DATA BELOW ->
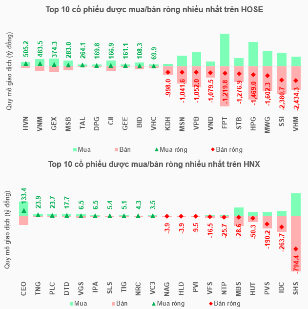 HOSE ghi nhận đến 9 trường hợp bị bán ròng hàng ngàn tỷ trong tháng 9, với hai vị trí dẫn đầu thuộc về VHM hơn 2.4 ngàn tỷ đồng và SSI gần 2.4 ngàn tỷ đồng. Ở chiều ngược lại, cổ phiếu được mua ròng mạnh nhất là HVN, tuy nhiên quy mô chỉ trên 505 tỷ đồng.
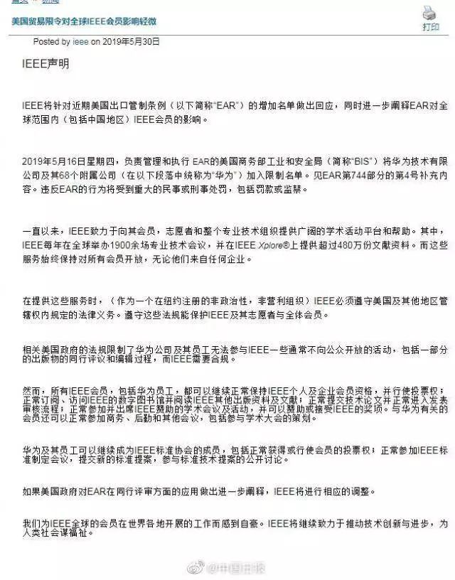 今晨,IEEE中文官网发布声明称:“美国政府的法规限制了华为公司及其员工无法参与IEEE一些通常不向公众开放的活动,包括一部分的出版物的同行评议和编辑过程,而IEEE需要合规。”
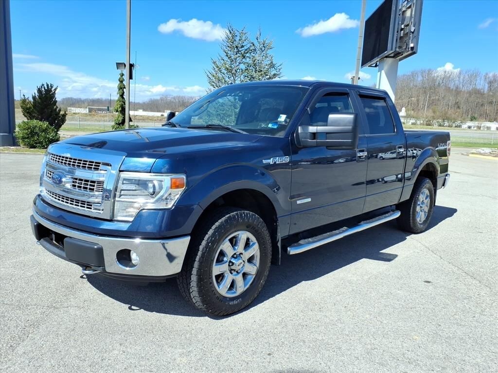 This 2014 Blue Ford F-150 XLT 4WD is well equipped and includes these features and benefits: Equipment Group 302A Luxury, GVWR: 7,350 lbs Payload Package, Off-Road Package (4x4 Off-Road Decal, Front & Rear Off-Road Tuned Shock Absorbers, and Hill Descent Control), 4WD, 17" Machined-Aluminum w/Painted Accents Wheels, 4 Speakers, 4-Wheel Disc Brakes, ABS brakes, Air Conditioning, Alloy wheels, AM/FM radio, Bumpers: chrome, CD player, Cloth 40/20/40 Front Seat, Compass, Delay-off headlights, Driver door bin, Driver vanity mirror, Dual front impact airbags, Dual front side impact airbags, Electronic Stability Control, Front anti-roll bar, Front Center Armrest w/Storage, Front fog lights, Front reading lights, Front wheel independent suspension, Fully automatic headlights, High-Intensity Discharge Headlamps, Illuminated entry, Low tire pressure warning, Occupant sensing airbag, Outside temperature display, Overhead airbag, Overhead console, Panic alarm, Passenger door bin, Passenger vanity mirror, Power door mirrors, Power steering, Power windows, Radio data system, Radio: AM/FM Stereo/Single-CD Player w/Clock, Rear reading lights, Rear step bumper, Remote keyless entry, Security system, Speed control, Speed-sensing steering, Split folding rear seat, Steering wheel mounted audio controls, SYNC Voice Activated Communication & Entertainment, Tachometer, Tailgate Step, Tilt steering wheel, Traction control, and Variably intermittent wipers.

REQUIRED WORK -> Starting at the first line of the material, output exactly the lines up to and including the one with "今晨,IEEE中文官网发布声". Do not include the pictures.

RESPONSE ->
 HOSE ghi nhận đến 9 trường hợp bị bán ròng hàng ngàn tỷ trong tháng 9, với hai vị trí dẫn đầu thuộc về VHM hơn 2.4 ngàn tỷ đồng và SSI gần 2.4 ngàn tỷ đồng. Ở chiều ngược lại, cổ phiếu được mua ròng mạnh nhất là HVN, tuy nhiên quy mô chỉ trên 505 tỷ đồng.
 今晨,IEEE中文官网发布声明称:“美国政府的法规限制了华为公司及其员工无法参与IEEE一些通常不向公众开放的活动,包括一部分的出版物的同行评议和编辑过程,而IEEE需要合规。”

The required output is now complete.